Far EastVladivostok, Russia
In Siberia, Admiral Kolchak's army had disintegrated. He himself gave up command after the loss of Omsk and designated Gen. Grigory Semyonov as the new leader of the White Army in Siberia. Not long afterward, Kolchak was arrested by the disaffected Czechoslovak Corps as he traveled towards Irkutsk without the protection of the army and was turned over to the socialist Political Centre in Irkutsk. Six days later, the regime was replaced by a Bolshevik-dominated Military-Revolutionary Committee. On 6–7 February Kolchak and his prime minister Victor Pepelyaev were shot and their bodies were thrown through the ice of the frozen Angara River, just before the arrival of the White Army in the area.

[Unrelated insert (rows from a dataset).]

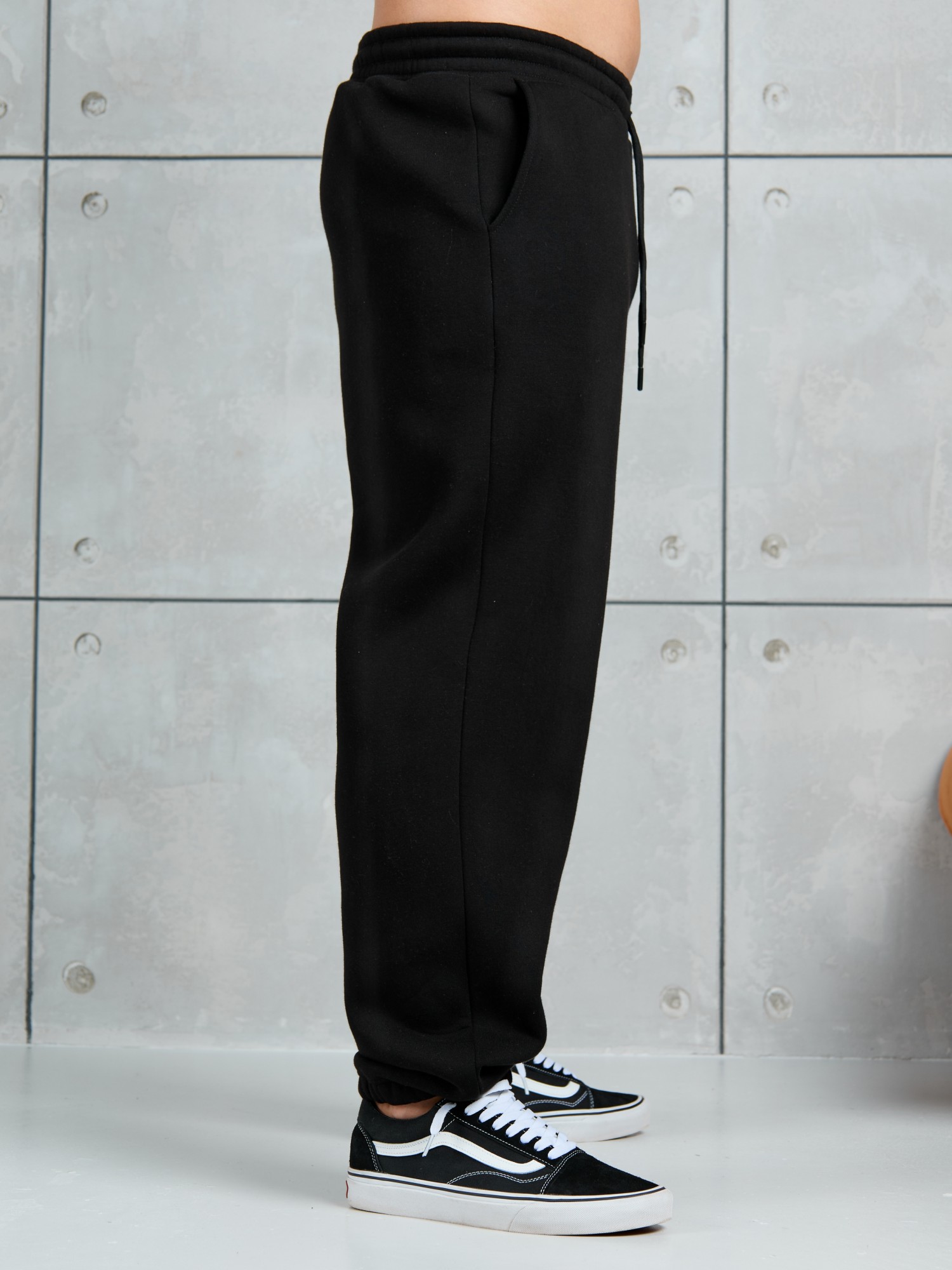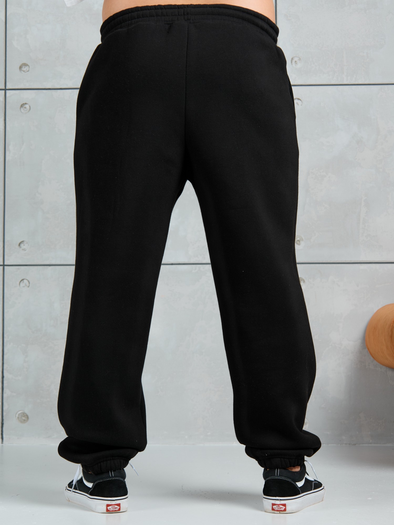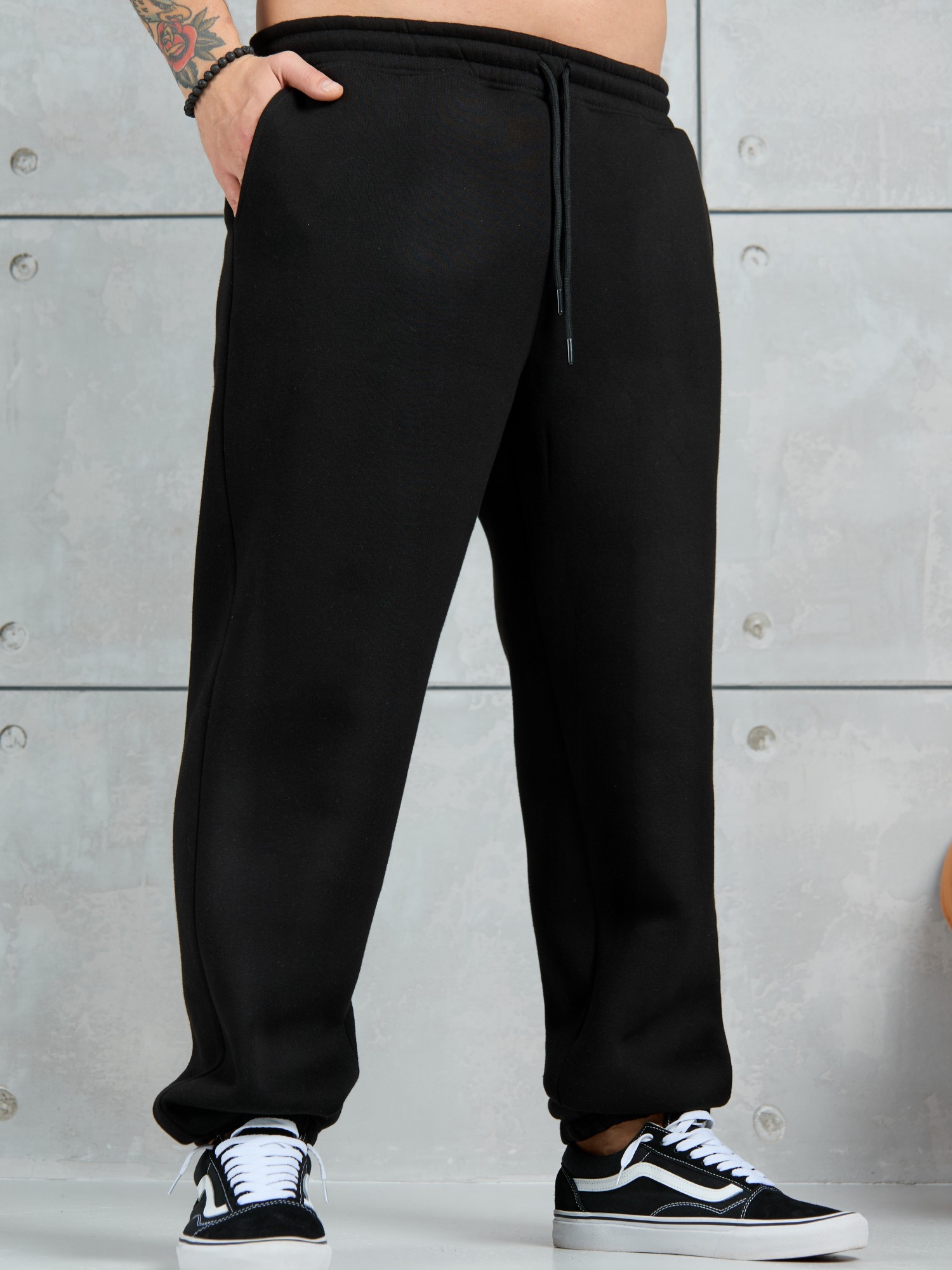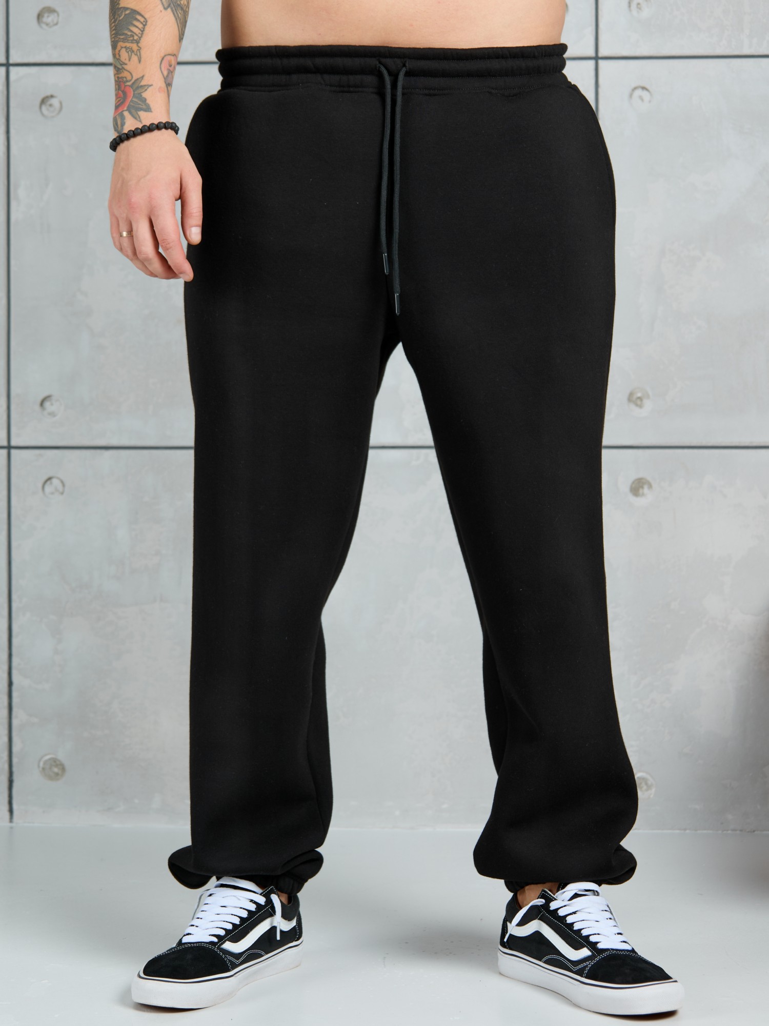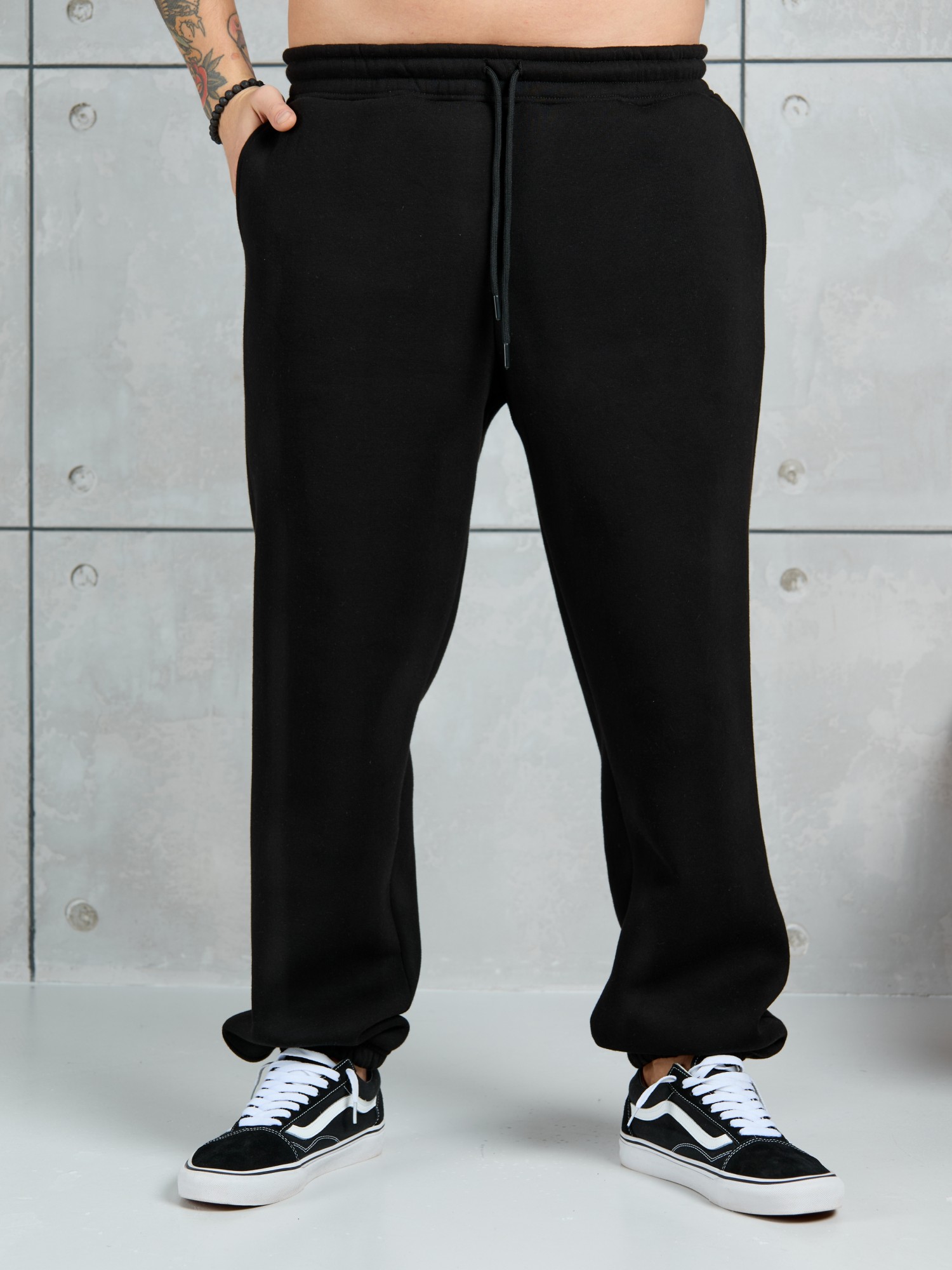 Брюки мужские из трикотажного полотна "футер-3-нитка с начесом", на притачном поясе с эластичной тесьмой внутри, с карманами в боковых швах. Нижние срезы обработаны подгибкой с эластичной тесьмой. Для регулирования степени прилегания изделия по линии талии предусмотрен декоративный шнурок, вставленный в пояс и продетый через две обметанные петли в центре.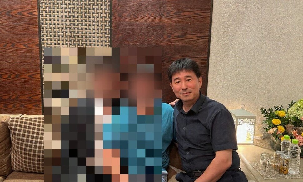 더불어민주당이 지귀연 부장판사 향응 접대 의혹을 제기하며 19일 공개한 사진. 지 부장판사(가장 오른쪽)가 동석자 두 명과 앉아있다. 민주당 제공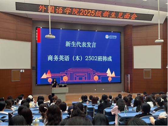 9月14日下午14:00,万博max体育官方网站万博max体育官方网站2025级新生见面会于中教2103教室如期开展。本次见面会由孟婧扬主持,党总支书记、院长陈金平,党总支副书记、副院长肖琴,副院长文声芳,团委书记陈惠紫,商务英语专业负责人、系主任蓝建青,英语专业负责人贺玲,英语系主任王丽峰,英语系副主任谢承凤、罗峰,商务英语系副主任阮广红,2025级辅导员柯纪宏、黄玲,新生班主任、朋辈导师以及全体新生齐聚一堂。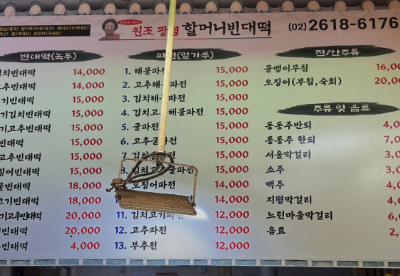 원조할머니빈대떡의 대표 빈대떡 및 전 메뉴 정보입니다. (가격은 지점 및 메뉴 구성에 따라 상이할 수 있습니다.)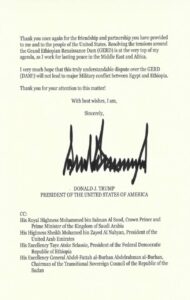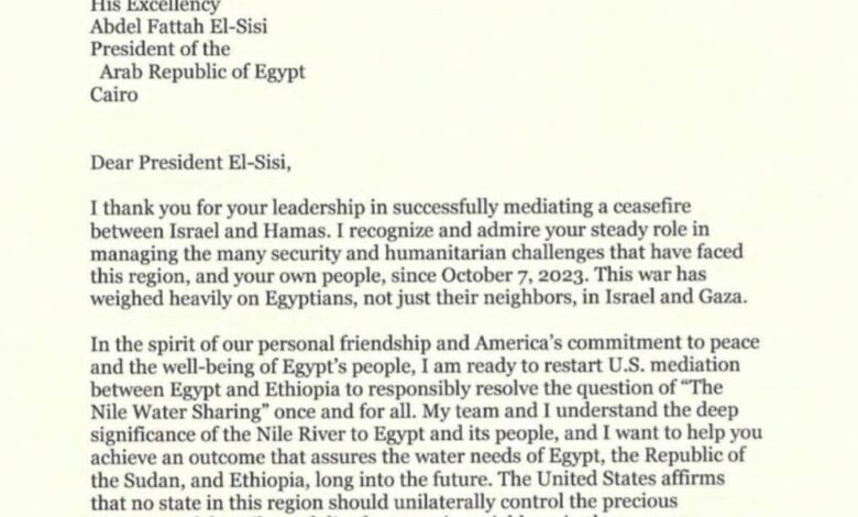 انطلاقاً من روح صداقتنا الشخصية والتزام أمريكا بالسلام ورفاهية الشعب المصري، فأنا على استعداد لاستئناف الوساطة الأمريكية بين مصر وإثيوبيا لحل مسألة “تقاسم مياه النيل” بشكل مسؤول ونهائي. يُدرك فريقي وأنا الأهمية البالغة لنهر النيل لمصر وشعبها، وأرغب في مساعدتكم على تحقيق نتيجة تضمن تلبية احتياجات مصر وجمهورية السودان وإثيوبيا من المياه على المدى البعيد. تؤكد الولايات المتحدة أنه لا ينبغي لأي دولة في هذه المنطقة أن تسيطر بشكل منفرد على موارد النيل الثمينة، وأن تُلحق الضرر بجيرانها في هذه العملية.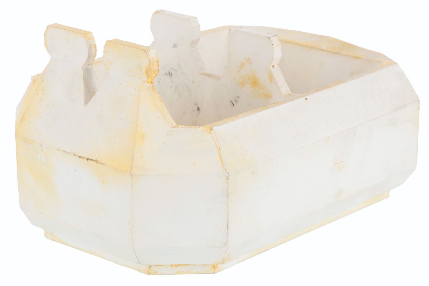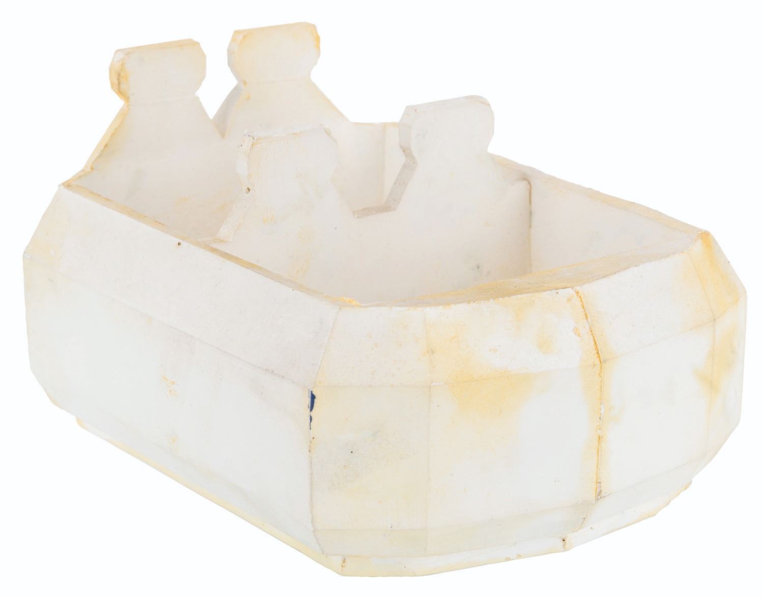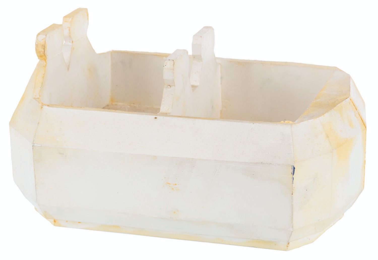 (EPCOT Center, 1980s) A hand-crafted Spaceship Earth ride vehicle model created by Walt Disney Imagineering. Known for the giant geodesic dome that dominates the EPCOT skyline, Spaceship Earth takes Guests on a time-travelling journey as they explore human communications through the ages. The unfinished resin model gives designers a rough approximation of the size, scale, and layout of the ride vehicle. Measuring 5" x 6.5" x 3.5" tall, the model is in good, production-used condition with soiling, discoloration, adhesive residue, and edge wear.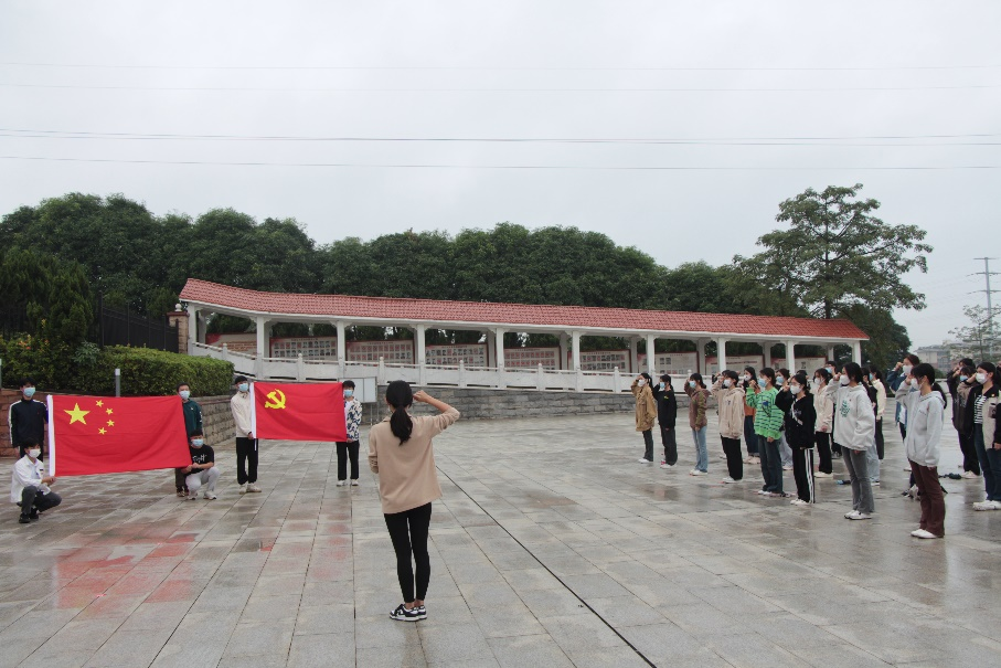 在烈士陵园公祭广场,参加活动的全体党员教师和学生整齐列队,依次向革命烈士敬献鲜花并默哀。并由学生党支部书记覃靖老师面对党旗和国旗,带领全体党员教师和学生一起重温入党誓词。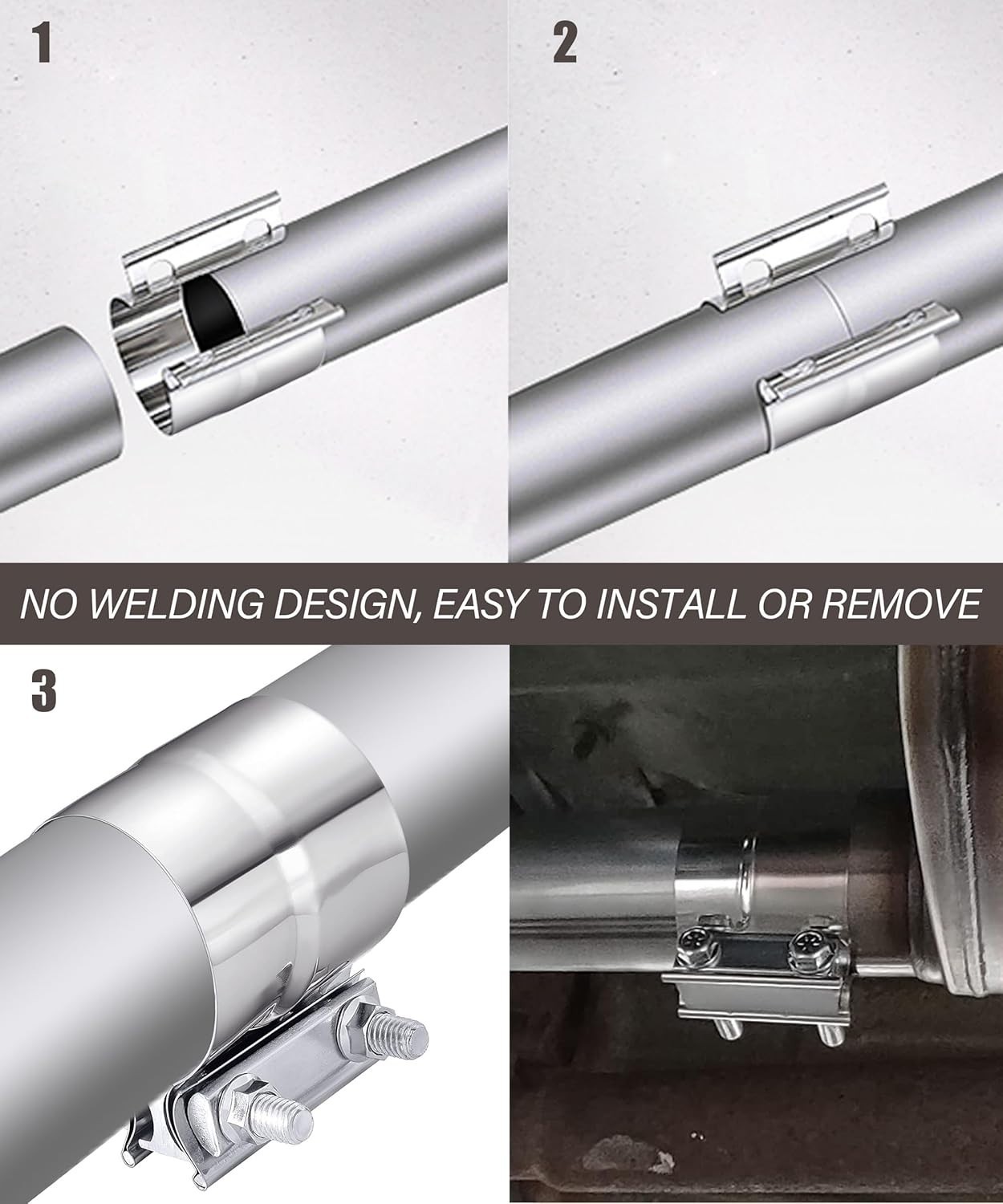 [Multiple Sizes]We have 6 different sizes of exhaust clips for you to choose from: 4" 3" 2.5 "5" 3.5" 2.75", you can purchase according to your needs. [High Quality Materials]The exhaust pipe clamp is made of high-quality 304 stainless steel and galvanized, which can resist water corrosion and rust, is durable, and has a long service life. [Features] These exhaust clamps adopt an integrated structure, minimizing the complexity of the number of parts and maximizing material efficiency, thereby reducing weight. 12.9 degree high-strength fasteners provide true sealing force, and the unique reaction block provides 360 ° uniformly distributed tensile force, completing sealing around the connected exhaust components while preventing pipeline deformation. [Easy to Install]The exhaust clamp is easy to install or remove, and the double-layer self-locking locking washer can prevent the nut from loosening. Fast, simple, and accurate, while minimizing noise and exhaust leakage. [Application] Lap clamps are a simple and effective method for connecting exhaust system components such as pipes, silencers, catalytic converters, etc. Widely used exhaust systems in the automotive, commercial vehicle, and off-road industries.

Remnants of Kolchak's army reached Transbaikalia and joined Semyonov's troops, forming the Far Eastern army. With the support of the Japanese army it was able to hold Chita, but after the withdrawal of Japanese soldiers from Transbaikalia, Semenov's position became untenable, and in November 1920 he was driven by the Red Army from Transbaikalia and took refuge in China. The Japanese, who had plans to annex the Amur Krai, finally pulled their troops out as Bolshevik forces gradually asserted control over the Russian Far East. On 25 October 1922 Vladivostok fell to the Red Army, and the Provisional Priamur Government was extinguished.